2.10. UNREGISTERED SECURITIES. The Subscriber has been advised
by the Company that the Restricted Securities have not been registered
under the Securities Act and are therefore not freely tradable.
2.11. CERTIFICATES AND LEGENDS. The Subscriber has been
advised by the Company that, without prior written approval of counsel
for the Company, all of the Common Stock included in the Units shall be
represented by one certificate only and all of the Warrants included in
the Units shall be represented by one certificate only and that all of
the shares of common Stock issuable upon exercise of the Warrants shall
be represented by one certificate only and that such certificates, to
be issued and delivered to me or my principal, shall be imprinted with
the following legend or a reasonable facsimile thereof on the front and
reverse sides thereof:
The stock transfer records of the Company reflect that no
certificate representing any of the Restricted Securities shall be
transferred unless the Company shall first have obtained, at the
expense of the holder of Restricted Securities an opinion of legal
counsel to the effect that they may be sold in accordance with
applicable laws, rules and regulations,
The securities represented by this certificate have not been
registered under the Securities Act of 1933, as amended, and
may not be sold or otherwise transferred unless compliance
with the registration provisions of such Act has been made or
unless availability of an exemption from such registration
provisions has been established, or unless sold pursuant to
Rule 144 under the Act.
Any request for more than one stock certificate or warrant
certificate must be accompanied by a letter signed by the requesting
holder setting forth all relevant facts relating to the request. The
Company will attempt to accommodate any request where it believes the
request is made for valid business or personal reasons so long as in
its sole discretion, the granting of the request will not facilitate a
"public" distribution of unregistered securities of the Company.

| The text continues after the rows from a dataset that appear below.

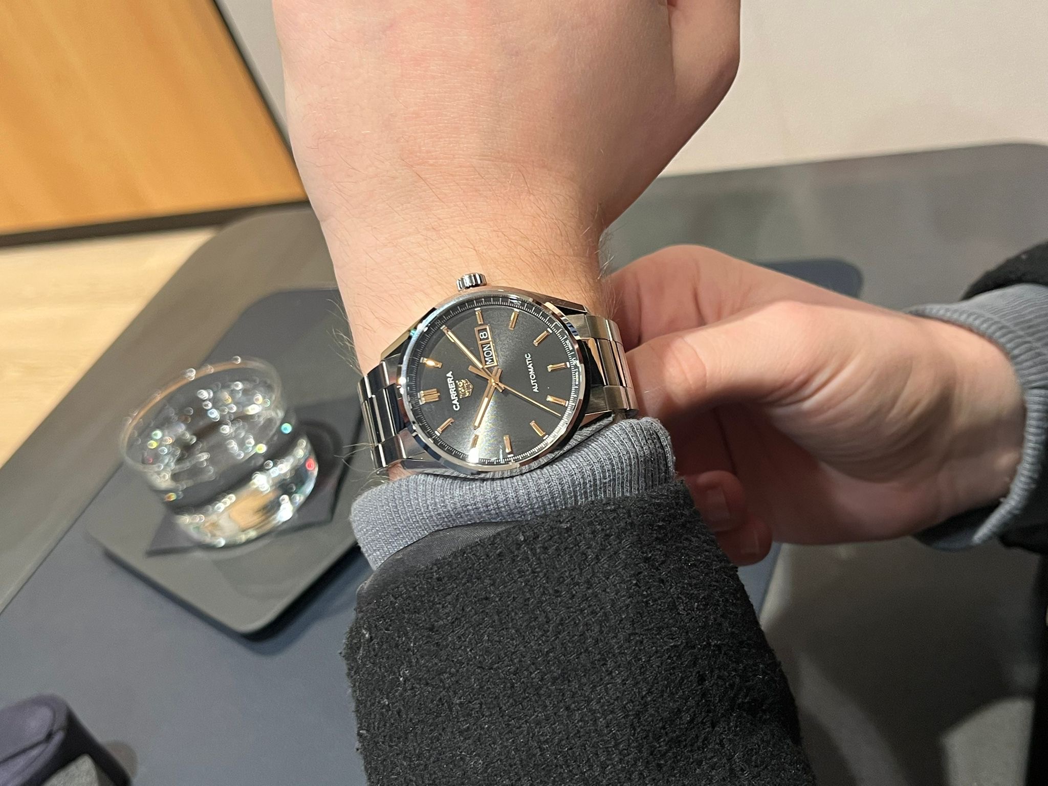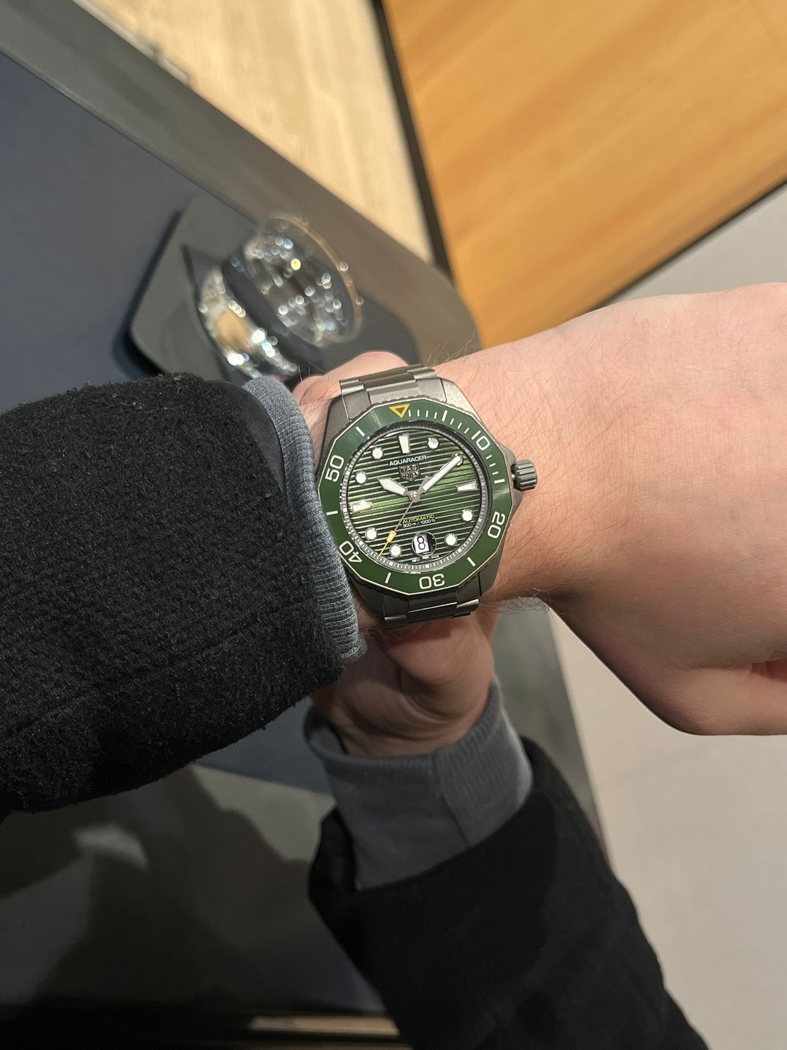 Ja die op titanium band met groene dial is een kanshebber wanneer ik terug ga in mei. Als de calibre 16 niet terug op stock is gekomen, zal deze of de carrera met donkere dial en roze goude accenten de grote voorkeur hebben.
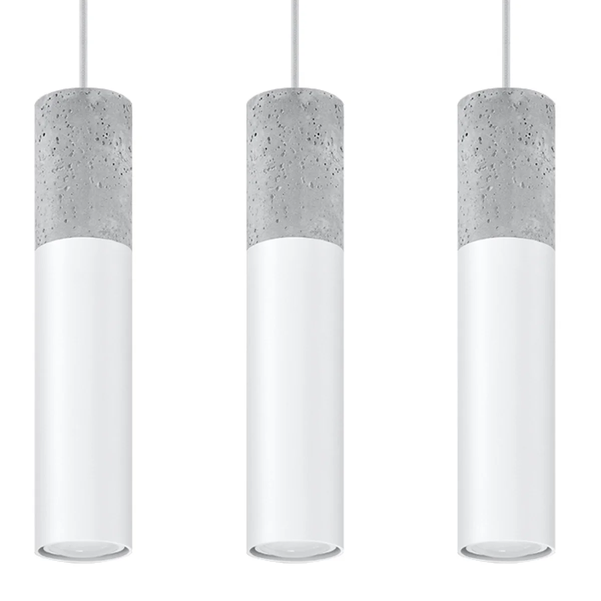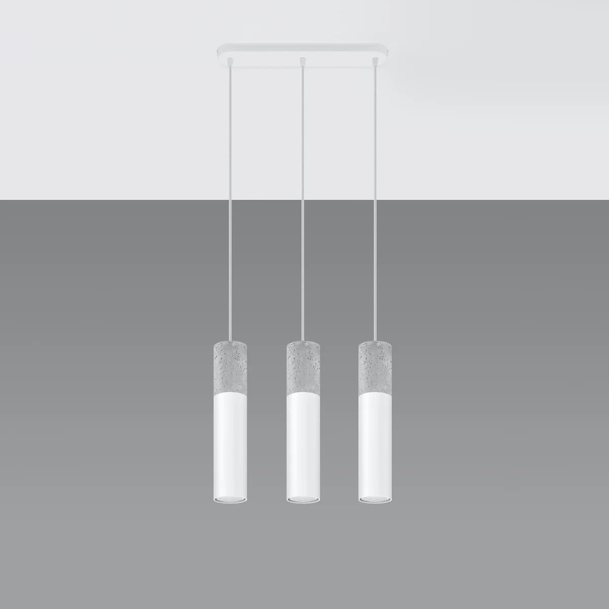 Hladna stilistika betona in jekla se bo ujemala k sodobnim notranjostim. Takšna kombinacija postaja vse bolj modna. Lahko jo najdemo v avantgardnih studiih in stanovanjih, ki so opremljena po vzoru loftov. || Žarnica: GU10, 3x40W, 3x12W LED, 50-60Hz, ~ 220-230V, IP20, razred naprave I Žarnica ni vključena. Dimenzije: 45/6/90 cm Dimenzija senčnika: 6/30 cm Material: jeklo, beton Barva: bela, siva
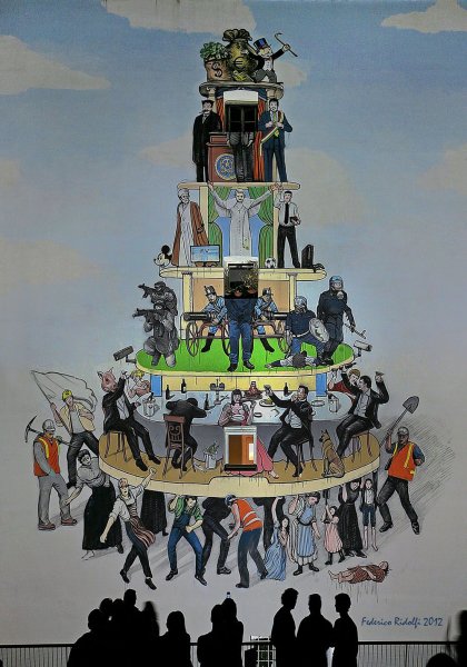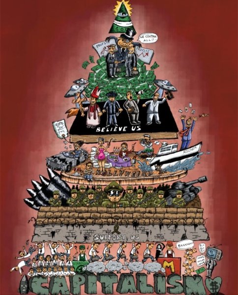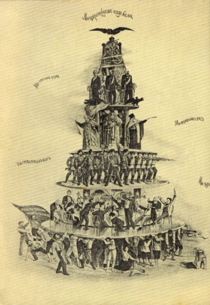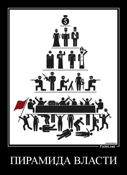 Пирамида власти - это карикатурное изображение, которое ярко и проникновенно отражает неравномерность распределения власти в обществе. Эта картина представляет собой графическое изображение иерархии социальной структуры, где на вершине пирамиды находятся люди с самым большим политическим и экономическим влиянием, а внизу находится большая масса населения, лишенная значимости и возможности влиять на принятие решений. Пирамида власти карикатурно подчеркивает тот факт, что в обществе существуют неравенства и систематическое отчуждение многих граждан от принятия важных решений, что может вызывать недовольство и несправедливость. Эта карикатура является не только забавным изображением, но и сильным комментарием о социальных и политических реалиях, которые могут вызывать размышления и стимулировать общественный диалог о важности равенства и участия каждого гражданина в принятии решений, затрагивающих их жизнь.

3. INDEMNITY. The Subscriber hereby agrees to indemnify the Company and
any person participating in the offering, and to hold them harmless, and to
grant them a right of set-off from and against any and all liability, damages,
cost or expense (including, but not limited to, reasonable attorneys' fees),
including the amount paid in settlement and whether or not suit is commenced,
incurred on account of or arising out of any inaccuracy in the Subscriber's
declarations, representations and warranties set forth in any portion of the
Subscription Documents executed and delivered by the Subscriber in connection
with his/her/its subscription for Units.
4. SETOFF. Notwithstanding the provisions of the last preceding section
or the enforceability thereof, the Subscriber hereby grants the Company the
right of setoff against any amounts payable by the Company to the Subscriber for
whatever reason, before any and all damages, costs or expenses (including, but
not limited to, reasonable attorneys' fees) incurred on account of or arising
out of any of the items referred to in clauses (a) through (c) of the last
preceding section.
5. MISCELLANEOUS. The Subscriber further understands, acknowledges and
agrees that:
(a) This Agreement is not transferable or assignable
by the Subscriber.
(b) This Agreement shall be construed in accordance
with and governed by the laws of the State of Delaware.
(c) This Agreement constitutes the entire agreement
between the parties regarding the subject matter hereof.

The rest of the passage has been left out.